In such a situation, the stress response can take over completely, and spins out of control. Everything that has to do with work now feels like a threat, and fear becomes a primary reality. The bad news: this happens so gradually, that such a state of distress feels ‘normal’, and does not lead to a correction towards a more peaceful and productive state. That’s why our brilliant economists are still there, trying to finish their PhDs, even though they are miserable and unsuccessful. Being stressed, stuck and miserable has become their new normal.

To perform well, the stress cycle has to be broken somewhere along the chain. We’ll be getting into this next week.

References

Rugulies, R., Aust, B., Siegrist, J., Von Dem Knesebeck, O., Bultmann, U., Bjorner, J. B., & Burr, H. (2009). Distribution of effort-reward imbalance in Denmark and its prospective association with a decline in self-rated health. Journal of Occupational and Environmental Medicine, 51(8), 870.

Siegrist, J. (1996).

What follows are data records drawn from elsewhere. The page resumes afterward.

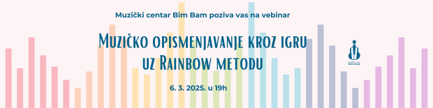 Dobro došli na Bim Bam vebinar Muzičko opismenjavanje kroz igru uz Rainbow metodu. Dve godine nakon našeg najgledanijeg vebinara Rainbow metoda – korak po korak, evo vebinara u kojem ćete videti najkorisnije i najzabavnije igre koje koriste Rainbow metodu za početno, neformalno opismenjavanje. Ukoliko vas interesuje kako početi, od kog uzrasta, na koji način, uz koje igre i sa kojim očekivanjima, onda je ovaj vebinar odlična prilika da dobijete nove ideje za svakodnevni rad. Šta to možemo raditi kod kuće, u vrtiću, školi, radionici ili kod logopeda, bile su teme koje smo spakovali u 2 sata intenzivnog online treninga. Prijavite se ovde i dobićete sve informacije kako da pogledate vebinar.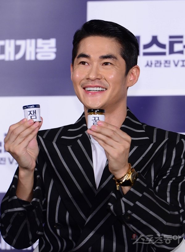 배우 배정남이 19일 서울 중구 메가박스 동대문점에서 열린 영화 ‘미스터 주: 사라진VIP’ 제작보고회에서 제작진으로부터 복주머니를 선물 받은 꿀과 잼을 들고 웃고 있다.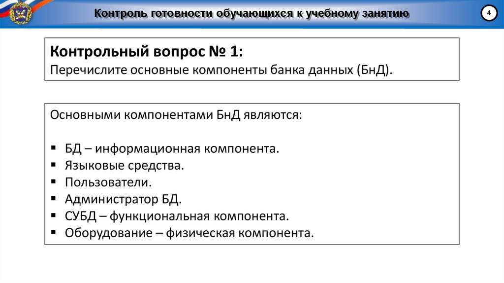 Контроль готовности обучающихся к учебному занятиюКонтрольный вопрос № 1: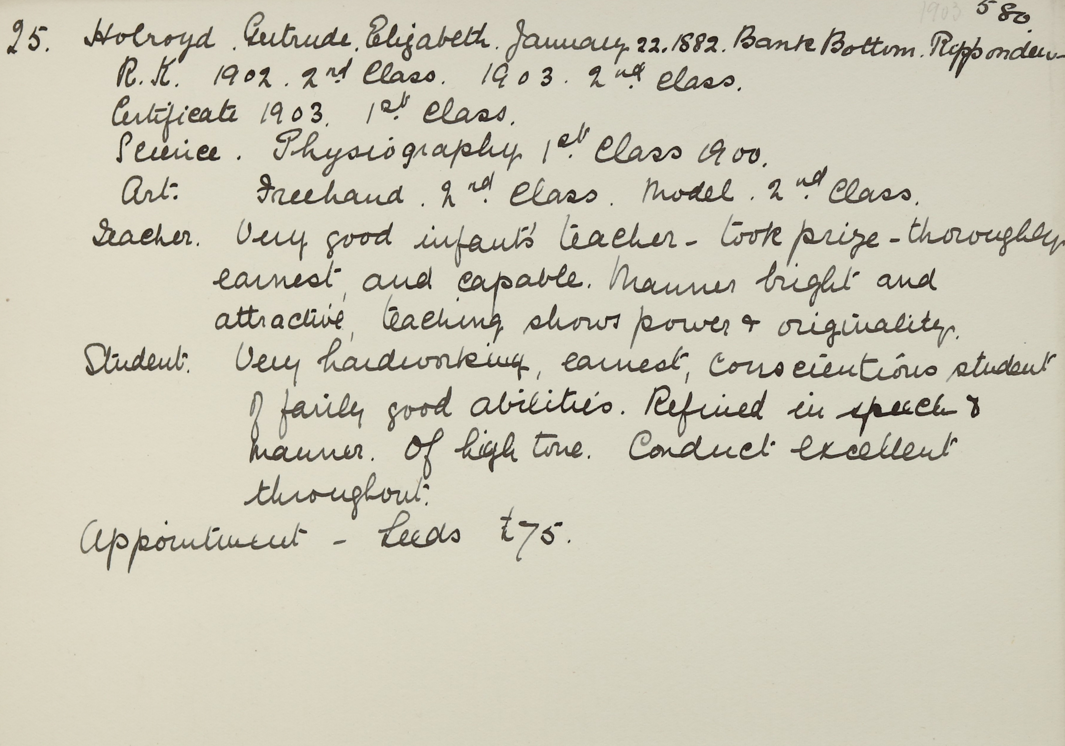 She is at New York, Ripponden, Yorkshire. Her father is listed as widowed and ‘Retired Farmer and Butcher’. Her sister, Mary, is unlisted. Amy and Gertrude are listed as ‘Schoolmistress’.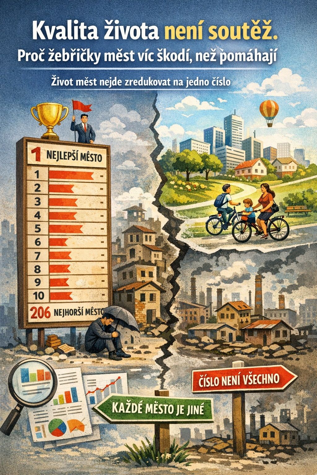 Kvalita života podle tabulky? Ne, takhle se města hodnotit nedají. Skutečná debata by neměla být o vítězích a poražených, ale o tom, jak zabránit dalšímu rozevírání regionálních nůžek.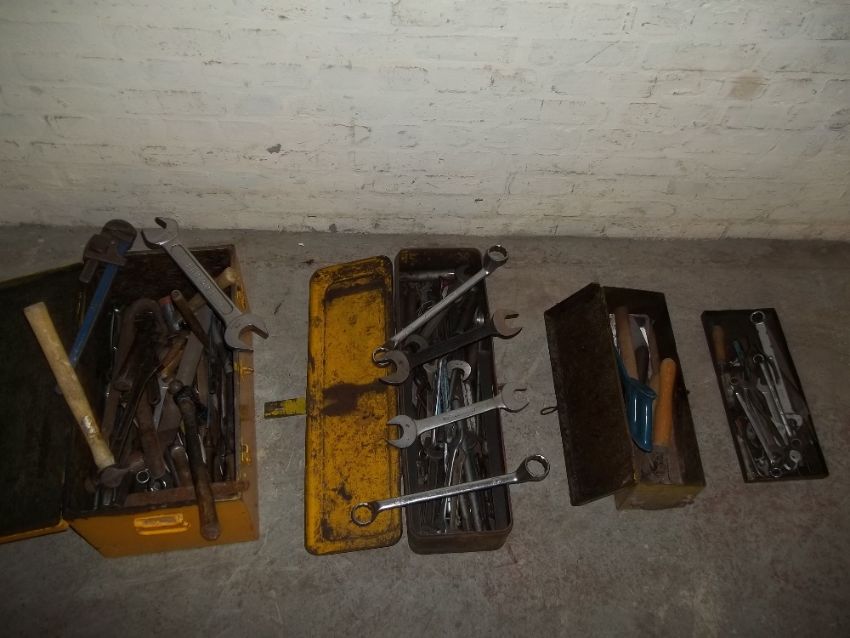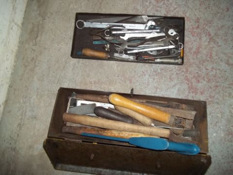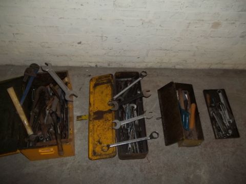 THREE TOOL BOXES OF TOOLS AND 2 BOTTLE JACKS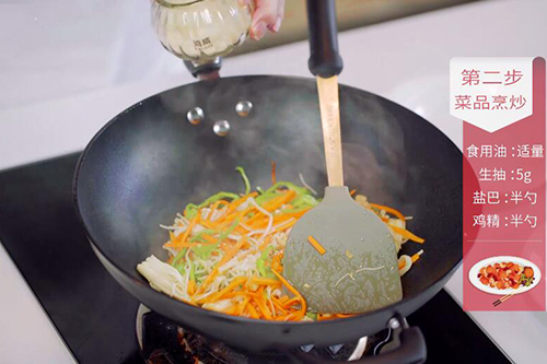 6.断生后放入青椒丝、调入盐半勺、鸡精半勺炒匀即可。

Adverse health effects of high-effort/low-reward conditions. Journal of occupational health psychology, 1(1), 27.

Assignment

Effort-Reward Imbalance Take some time to reflect on your own situation. Are you caught up in a negative spiral? Do you have the feeling you are not performing at your best? Is confidence an issue? How is your relationship with your supervisor/ department? Which situations make you feel undervalued? Where do you feel not in control? And on the flip-side: what makes you feel valued, confident and good about yourself? Are there parts of your work you feel in control of? Is there any way you could shift the emphasis from the negative to the positive?